I don't understand how a printer would suck ink when it is not in use, so your question is unclear to me. Do you mean that if the printer is not used for quite a long time and you start it up how much ink does it use to ensure the nozzles are clear? If that is the question we don't know the answer, because Canon has not developed the accounting tool in a manner that accounts for ink consumed for maintenance; it is a nice framework for accounting ink laid on paper for prints. Some have tried to estimate maintenance usage by weighing the maintenance tank after and just before a printing session, but how reliable this is I don't know.
Title: Re: Printer Decision
Post by: sabin on February 19, 2017, 05:51:59 pm
I'm also interested to know how to minimize maintenance ink waste on the pro 1000. Mark, do you have any recommendations? Can one leave the printer always on, disabling the auto power off and will this have positive effect on ink waste?
I read somewhere (sorry I do not remember where) that id the pro 1000 was left off over 45 days it will perform deep cleaning and waste 50ml of ink!
Title: Re: Printer Decision
Post by: Mark D Segal on February 19, 2017, 07:26:26 pm
I'm also interested to know how to minimize maintenance ink waste on the pro 1000. Mark, do you have any recommendations?

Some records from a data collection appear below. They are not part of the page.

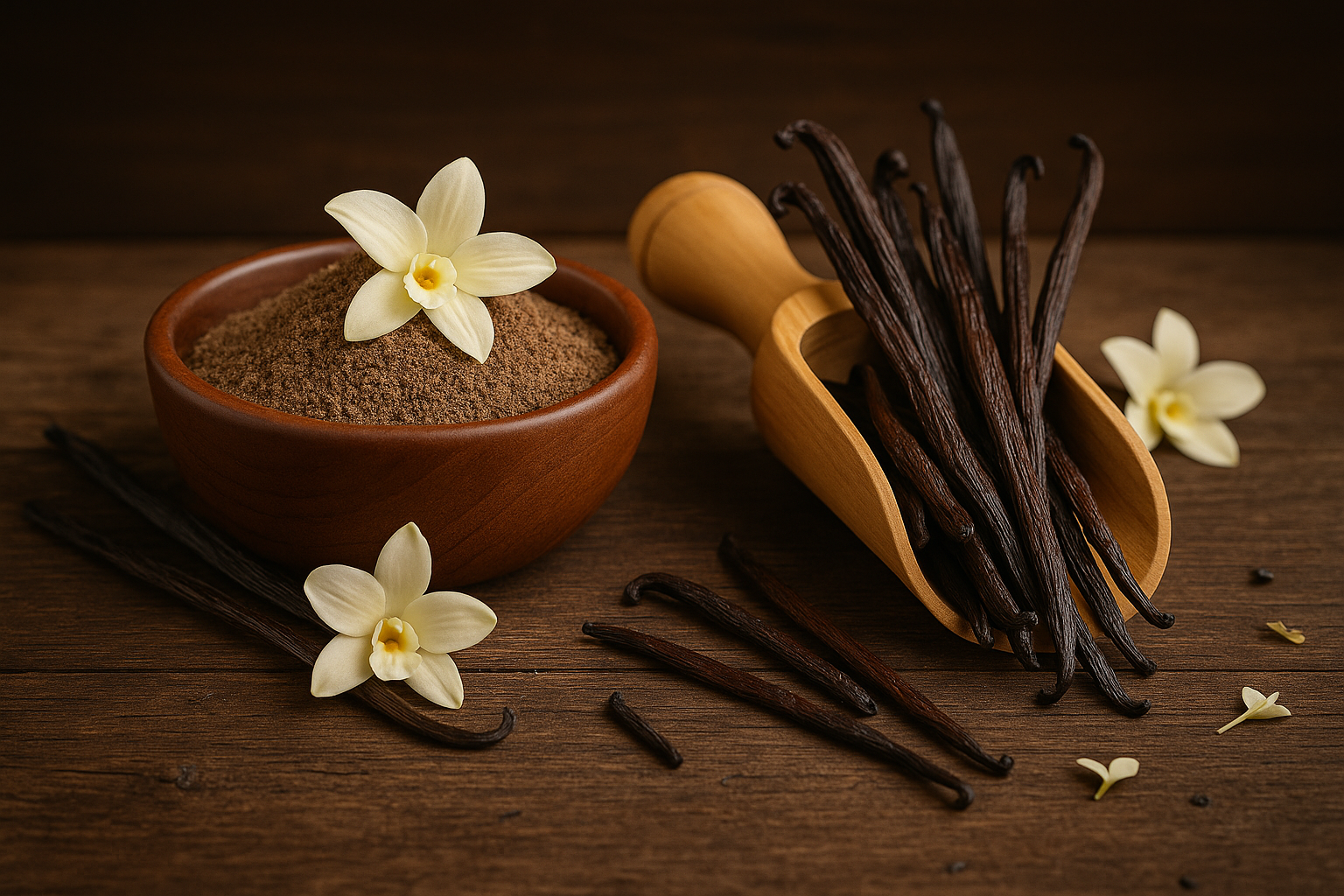 La vanille, véritable or noir des Tropiques, fascine par son histoire et ses arômes uniques. Chez Kaz à Vanilles, nous proposons les deux grandes variétés : la vanille PLANIFOLIA aux notes puissantes et souvent boisées, et la vanille POMPONA, rare et intensément parfumée.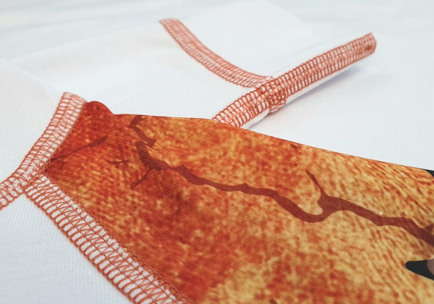 - Materiál je vhodný pro alergiky, ale na části trička a spodků je potisk na doplňkový materiál 100% polyester. Zvažte tuto informaci při výběru oblečení.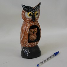 ESCULTURA (20 CM) EM MADEIRA, RETRATANDO UMA CORUJA SOBRE UMA PEDRA PRETA, ACOMPANHADA DE UM FILHOTE. POSSUI A PARTE DO PEITO/BARRIGA OCA, ONDE O FILHOTE É COLOCADO. PINTADA EM TONS DE MARROM, COM DETALHES BRANCOS.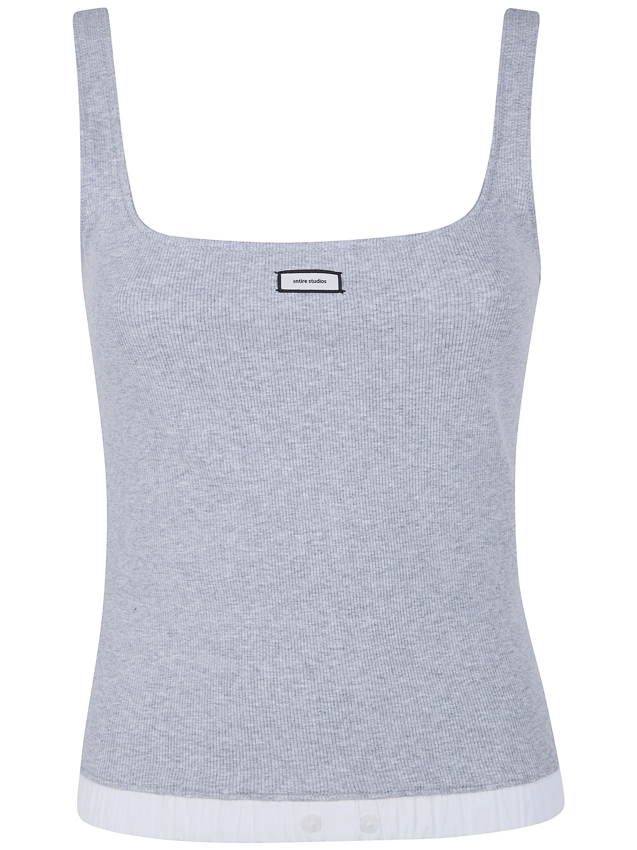 Introducing the "LOUNGE" TANK, a stylish top by ENTIRE STUDIOS. Crafted from a luxurious blend of 93% cotton and 7% elastane, this tank top in a soothing gray color offers a comfortable fit while exuding elegance. Made in China, it is perfect for layering or standalone wear. Ideal for casual outings or cozy evenings at home, this versatile piece complements any wardrobe. With its refined design and unique white trim details, the "LOUNGE" TANK embodies sophistication and modernity, making it a must-have for the discerning fashionista who values quality and style.. MadeIn: China CN Product code: ESSS26TA01876 6238 PEBBLE

Can one leave the printer always on, disabling the auto power off and will this have positive effect on ink waste?
I read somewhere (sorry I do not remember where) that id the pro 1000 was left off over 45 days it will perform deep cleaning and waste 50ml of ink!

As I just mentioned in another thread, as a general safety and protection measure I shut-down any machinery I'm not using even though the risk may be low. I have no idea what kind of on-off intervals would minimize use of ink for printer maintenance. Only Canon would have that knowledge.